Reputation: 59
I have created a function to search for the contexts of a given word(w) in a text, with left and right as parameters for flexibility in the number of words to record.
import re
def get_context (text, w, left, right):
text.insert (0, "*START*")
text.append ("*END*")
all_contexts = []
for i in range(len(text)):
if re.match(w,text[i], 0):
if i < left:
context_left = text[:i]
else:
context_left = text[i-left:i]
if len(text) < (i+right):
context_right = text[i:]
else:
context_right = text[i:(i+right+1)]
context = context_left + context_right
all_contexts.append(context)
return all_contexts
So for example if a have a text in the form of a list like this:
text = ['Python', 'is', 'dynamically', 'typed', 'language', 'Python', 'functions', 'really', 'care', 'about', 'what', 'you', 'pass', 'to', 'them', 'but', 'you', 'got', 'it', 'the', 'wrong', 'way', 'if', 'you', 'want', 'to', 'pass', 'one', 'thousand', 'arguments', 'to', 'your', 'function', 'then', 'you', 'can', 'explicitly', 'define', 'every', 'parameter', 'in', 'your', 'function', 'definition', 'and', 'your', 'function', 'will', 'be', 'automagically', 'able', 'to', 'handle', 'all', 'the', 'arguments', 'you', 'pass', 'to', 'them', 'for', 'you']

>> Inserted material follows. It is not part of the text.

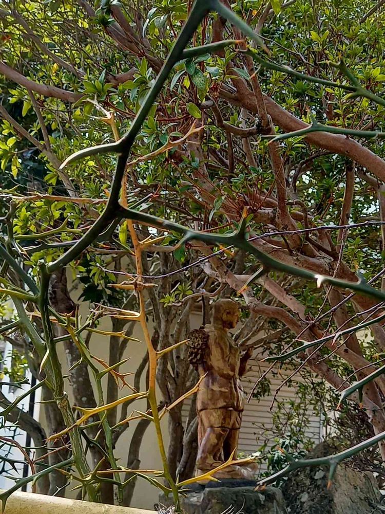 さん、カラタチでした。葉も白い花も黄色い実もないとトゲの集まりなんですね。ありがとうございました。白い花や黄色い実がついてる時期にまた見に行きたいなとおもいます。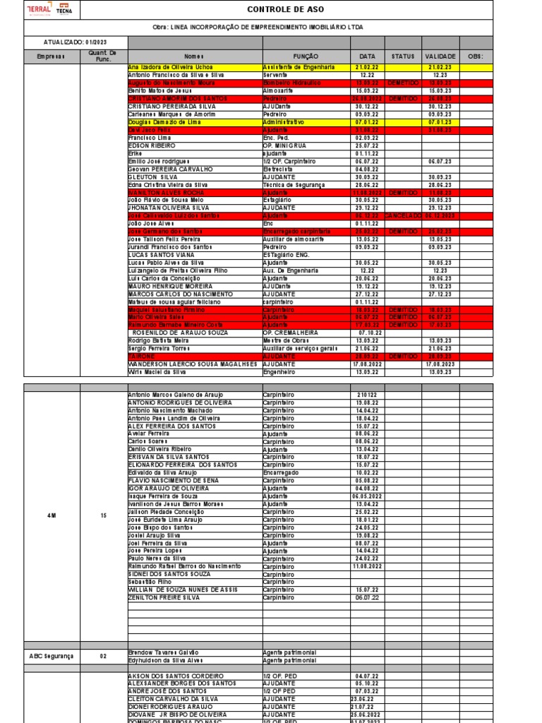 Empresas Nomes FUNÇÃO DATA STATUS VALIDADE OBS:

The function works fine for example:
get_context(text, "function",2,2)
[['language', 'python', 'functions', 'really', 'care'], ['to', 'your', 'function', 'then', 'you'], ['in', 'your', 'function', 'definition', 'and'], ['and', 'your', 'function', 'will', 'be']]
Now I am trying to build a dictionary with the contexts of every word in the text doing the following:
d = {}
for w in set(text):
d[w] = get_context(text,w,2,2)
But I am getting this error.
Traceback (most recent call last):
File "<pyshell#32>", line 2, in <module>
d[w] = get_context(text,w,2,2)
File "<pyshell#20>", line 9, in get_context
if re.match(w,text[i], 0):
File "/usr/lib/python3.4/re.py", line 160, in match
return _compile(pattern, flags).match(string)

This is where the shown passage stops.